Wellness: Diseases & Conditions

How to Stay Healthy at Work

Sick days are no vacation. Because the flu virus spreads from person to person, it is possible to catch the virus at work. However, there are things you can do to protect yourself at the office. Additionally, if you think you might be sick, there are things you can do to prevent coworkers from getting sick, too.

Illnesses such as the flu and colds are caused by viruses that infect the nose, throat, and lungs. They’re usually spread from person to person when an infected person coughs or sneezes.

They also can spread when a person touches cold or flu viruses deposited from another person on a desktop, doorknob, desk, telephone receiver, or handrail. Some viruses and bacteria can live for two hours or more on hard surfaces. If the person then touches his or her eyes, mouth, or nose before washing his or her hands, the viruses or bacteria gain entry to the body and infection can occur.

Flu prevention

The most important preventive measure against the flu is to get a flu vaccination every year. The flu vaccine is offered as a shot for people ages 6 months and older, or as a nasal spray for healthy people 2 to 49 years of age who aren't pregnant. Yearly flu vaccination should begin in September or as soon as the vaccine is available, and it should continue throughout the influenza season, into December, January, and beyond. The timing of flu season is unpredictable and can vary from season to season, but generally runs from October to May. It takes about two weeks after the vaccination for your body to form antibodies to protect you.

These people should not be vaccinated without getting clearance from their health care provider, the CDC says:

  • Those with severe allergy to chicken eggs.

  • Those who have had a severe reaction to the flu vaccine in the past.

  • Those who developed Guillain-Barré syndrome within six weeks of a previous flu vaccination.

  • Those with a moderate to severe illness that includes a fever. These people should wait until they have recovered from their illness.

Protect yourself

  • Wash your hands frequently with soap and warm water for 20 seconds. Keep an alcohol-based hand sanitizer on your desk or with you at all times. After coughing, sneezing, or blowing your nose, wash your hands or rub sanitizer into them until they are dry. Clean your hands after using public transportation or conference room equipment.
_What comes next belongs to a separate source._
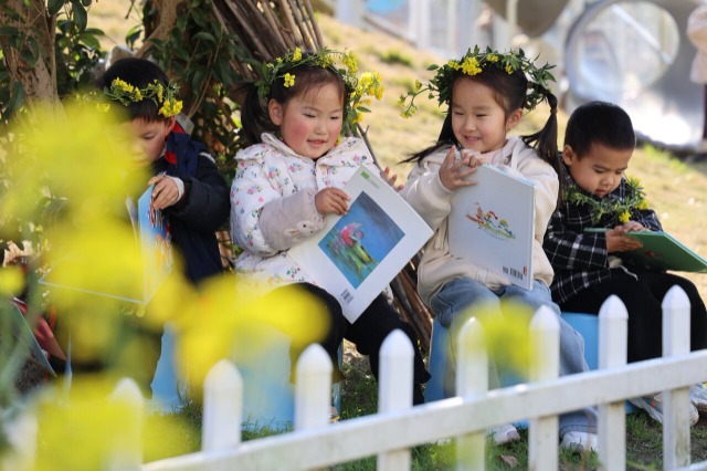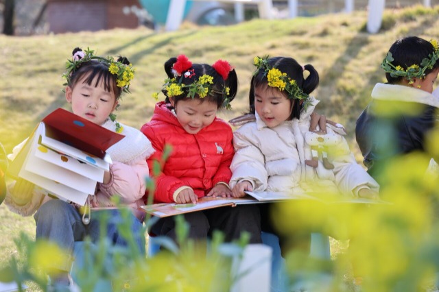 小朋友在春花燦漫中看書。通訊員 陳霞芳 攝

  • When soap and water aren’t available, use alcohol-based disposable hand wipes or gel sanitizers. For optimum effectiveness, check that the product is at least 60% alcohol. If using a gel, rub it into your hands until they’re dry.
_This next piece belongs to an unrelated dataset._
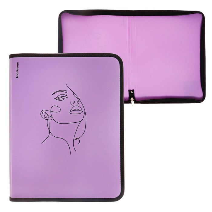 Папка на молнии А4+, 600 мкм, ErichKrause "Manga Faces" 251x330x30мм, пластик, молния вокруг, фиолетовая, микс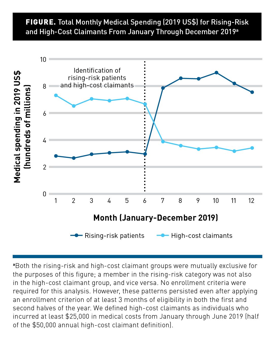The Figure illustrates the stark contrast in spending trajectories across these groups. From January through June 2019, the 1.78-million rising-risk patients accounted for $494.8 million in spending per month, with this spending surging to $982.0 million per month in the latter half of the year—a 98.5% increase. In contrast, spending in 2019 for the 83,386 high-cost claimants dropped by 41.6%, from $394.9 million to $230.8 million monthly—illustrating regression toward the mean.

  • Do not touch your eyes, nose, or mouth with your hands.

  • Keep your work surface clean. Use a household disinfectant to wipe down your desk, keyboard, mouse, telephone, and other objects you frequently touch. Follow the directions on the label.

  • If possible, do not use coworkers’ offices, desks, or supplies. If you need to use them, however, wipe them down with disinfectant first.
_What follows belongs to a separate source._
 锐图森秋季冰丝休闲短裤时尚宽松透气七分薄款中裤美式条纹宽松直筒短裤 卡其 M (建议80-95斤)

  • Get the flu vaccine as soon as it is available in your area.

  • When soap and water aren’t available, use alcohol-based disposable hand wipes or gel sanitizers. For optimum effectiveness, check that the product is at least 60% alcohol. If using a gel, rub it into your hands until they’re dry.

Protect others

  • Keep tissues on your desk and cough or sneeze into a tissue.

  • Stay at home if you feel sick with flu-like symptoms, such as a fever or chills and a cough or sore throat. Other symptoms include runny nose, headache, fatigue, diarrhea, and vomiting. Contact your doctor to find out whether you should be tested or treated for the flu.

  • Stay at home until at least 24 hours after you no longer have a temperature of 100°F (37.7°C) or higher without the use of fever-reducing medicine. Some symptoms may remain.

  • If you have a family member who has the flu but you feel well, it is safe to go to work. Monitor your health daily and stay home if you start to feel sick.